Bug #4803
closedconfig.xml is empty if power loss or panic happens shortly after config write
100%
Description
When running ver 2.2.3 nanobsd with filesystem kept permanently read-write enabled (due to 3 minutes+ waiting time when running conf_mount_ro() on CF card).
Config.xml can get corrupted when power is lost after saving configuration changes.
Situation can be reproduced on ESXi VM.
1. Convert nanobsd image to vmdk image and create VM using the image. No installation.
2. From factory default configuration, enable permanent read-write. reboot using pfsense command.
3. Make changes like adding FW rule or create a captive portal.
4. Click save, after iostat show disk activities finished. Power reset using VM command.
5. Reboot will show
- /conf/config.xml:1: parser error: Document is empty.
- config.xml get restored from backup, but with last changes lost.
- warnings about missing timezone settings.
- warnings about wrong function parameters in config.lib.inc
Version 2.2.3 64bit nanobsd is affected. While version 2.2.2 is not affected by the file corruption or slow conf_mount_ro.
Updated by Kill Bill over 9 years ago
dem co wrote:
3 minutes+ waiting time when running conf_mount_ro() on CF card).
That's due to removal of this patch - https://bugs.freebsd.org/bugzilla/show_bug.cgi?id=176169 (Bug #2401). And yeah, this is a complete performance disaster on CF-based systems. Might as well reopen #2401.
Updated by Jim Pingle over 9 years ago
- Subject changed from Unsafe power off conrrupt config.xml to config.xml is empty if power loss or panic happens shortly after config write
- Status changed from New to Confirmed
- Target version set to 2.2.4
This does not appear to be specific to NanoBSD or even sync on the filesystem.
I can replicate this by causing a panic just after config save on a full install with sync on the filesystem. If a minute or two has passed before the power loss or crash, the config is fine, so it does appear to be somewhat related to filesystem data not being fully flushed to disk at at the time.
Checking the timestamp on the 0-byte config.xml it is from before the reboot.
Updated by Chris Buechler over 9 years ago
- Assignee set to Renato Botelho
- Affected Version changed from 2.2.3 to All
Updated by Chris Buechler over 9 years ago
Updated by Jim Thompson over 9 years ago
This needs similar work (and a PHP extension, because fsync() isn't possible via PHP) to what fixed the corruption of /etc/master.passwd and /etc/group.
Updated by Kill Bill over 9 years ago
Jim Thompson wrote:
This needs similar work (and a PHP extension, because fsync() isn't possible via PHP) to what fixed the corruption of /etc/master.passwd and /etc/group.

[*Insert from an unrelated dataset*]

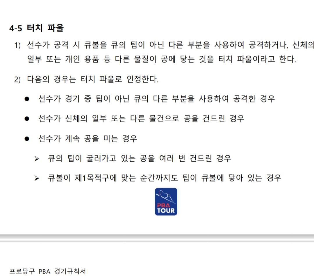 당구 경기에서 선수의 신체 어느 부위나 큐대 등도 닿으면 안됩니다.

Well, fsync()/fdatasync() is definitely possible with devel/pecl-eio (http://docs.php.net/manual/en/function.eio-fsync.php, http://docs.php.net/manual/en/function.eio-fdatasync.php)
Updated by Renato Botelho over 9 years ago
- Status changed from Confirmed to Feedback
- % Done changed from 0 to 100
Please try next round of snapshots, a pfSense_fsync was implemented and is being used to make config.xml save operation safer.
Updated by Chris Buechler over 9 years ago
this looks to be fixed. Up to 15 cycles with no issues in a circumstance that would fail at least 50% of the time before. Leaving the power cycle test rig running in a loop overnight.
Updated by Chris Buechler over 9 years ago
The config.xml portion was fine with Renato's change, but missed other parts of /cf/conf/. Jim T's earlier change gets the entire directory. It's been through over 500 power cycles, with no issues. Just need to verify again with latest snapshot build, as the tested system was patched. That's running now.
Updated by Chris Buechler over 9 years ago
- Status changed from Feedback to Resolved
I'm confident in this, snapshots including all relevant changes have been through the config_write loop torture test, dropping power in the middle of writing the config repeatedly in a loop, upwards of 600 times with no ill effects.